It’s time to move the money: independent research on donor-advised funds

Urgent need for independent DAF research

Over the past few months, we have observed private foundations and DAF sponsors mount a defense of the philanthropic status quo. They attacked proposals such as the bipartisan Accelerating Charitable Efforts Act (ACE Act), sponsored in the U.S. Senate by Angus King (I-Maine) and Charles Grassley (R-Iowa), and the Patriotic Millionaires’ Emergency Charity Stimulus— both of which would require CFOs to have some form of payment requirement.

Some DAF sponsors, now on the defensive, select data on DAF activity in their own reports. For example, DAF sponsors frequently tout the amounts of money coming out of DAFs, but not the amounts going into them. Chronicle of reported philanthropy:

Fidelity and Vanguard released data for 2021 on grantmaking, but did not provide information on how much money was paid that year into the accounts they manage, nor would they provide their asset levels. totals for 2021. In response to a request for that data, Fidelity spokesman Steve Austin said Fidelity would only release “verified” numbers, and those wouldn’t be released until months later, in forms IRS taxes that Fidelity Charitable is required to file.

Fidelity reports that they gave 13% more in grants in 2021 than in 2020. But what they don’t say is that, according to our calculations, they brought in 26% more in contributions.

DAF sponsors also frequently report that their disbursement rates exceed those of private foundations. We argue that this is not an appropriate comparison, since DAFs were never intended to hold funds in perpetuity. Even if a CFO distributes 20% of its assets in a year, this means that 80% of the funds remain in storage – a dismal performance for an instrument supposed to transfer funds quickly to charity.

All of this makes it clear that there is an urgent need for further independent research on DAF activity.

Overview of three DAF studies

The independent research papers below bring needed clarity to the situation. They explore several of the ways in which DAFs can be used to divert needed funds from active charities and explain the public interest in correcting it.

Over $1 billion in DAF grants were disbursed to other commercial DAFs in 2019 (August 19, 2021)

In an analysis of commercial DAF sponsor tax returns, we found that in 2019 alone, at least $1 billion in commercial DAF grants went to other commercial DAFs. This is a huge amount of money flowing between vehicle donations rather than being given out directly to charity. It also skews the remittance rates reported by these institutions and makes it nearly impossible to assess whether DAFs are actually distributing revenue to charity in any meaningful way. In this article, we explore the scale of DAF to DAF donations and highlight notable examples.

Private foundation giving to commercial DAFs (March 24, 2022)

Private foundations are currently permitted to make grants to DAFs and count them towards their annual charitable distribution requirements. We reviewed private foundations’ 2016-2018 tax returns filed electronically to see how much of their contributions went to the 45 largest domestic commercial DAF sponsors in the United States, including those affiliated with wealth management firms such as as Fidelity Investments and Goldman Sachs. We found that private foundation grants to commercial DAFs averaged $737 million per year from 2016 to 2018, and more than $934 million in 2018 alone.

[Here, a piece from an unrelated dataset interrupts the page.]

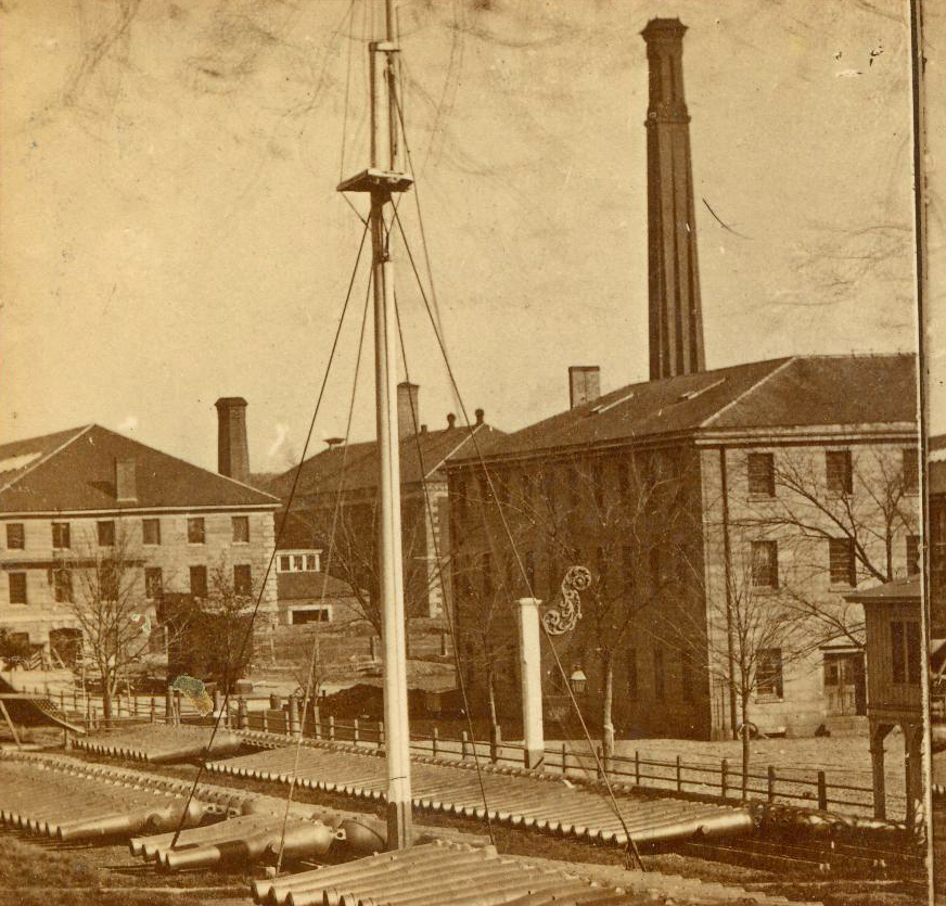 Stereoscopic photograph of Charlestown Navy Yard, c. 1850-1870 showing 1820 USS Constitution billethead displayed on lamp post. [USS Constitution Museum Collection]

Large community foundations have become heavily dependent on donor-advised funds (March 24, 2022)

Community foundations collect donations from the public and distribute these much-needed funds to local charities. But community foundations are increasingly offering donors the option to give through DDF rather than foundation discretionary funds. outgoing grants. And large community foundations are much more dependent on CFOs than smaller ones; for the larger ones, the ADF represent almost half of their assets and three-quarters of their inflows.

Further background reading on DAFs

The scale, growth and nature of DAF giving makes it more important than ever to improve DAF governance and greater transparency. The documents below provide a more in-depth look at the creation, growth and effects of DAFs. They also present a variety of policy proposals designed to ensure that DAFs provide an adequate return to the taxpayers who subsidize them, that DAFs do not withdraw an undue amount of philanthropic revenue from active charities, and that DAF donors receive impartial advice. when making their charitable decisions.

Fixing what’s broken with donor-advised funds

This guidance note outlines the public interest in correcting DAF design flaws, presents policy recommendations that would do so effectively, and provides estimates of the additional charitable revenue that would result from these solutions.

Wealth storage

This comprehensive report documents the dramatic expansion of DAFs, explores the risks that unregulated DAFs pose to the public interest and the charitable sector, and offers several policy recommendations to mitigate their risks.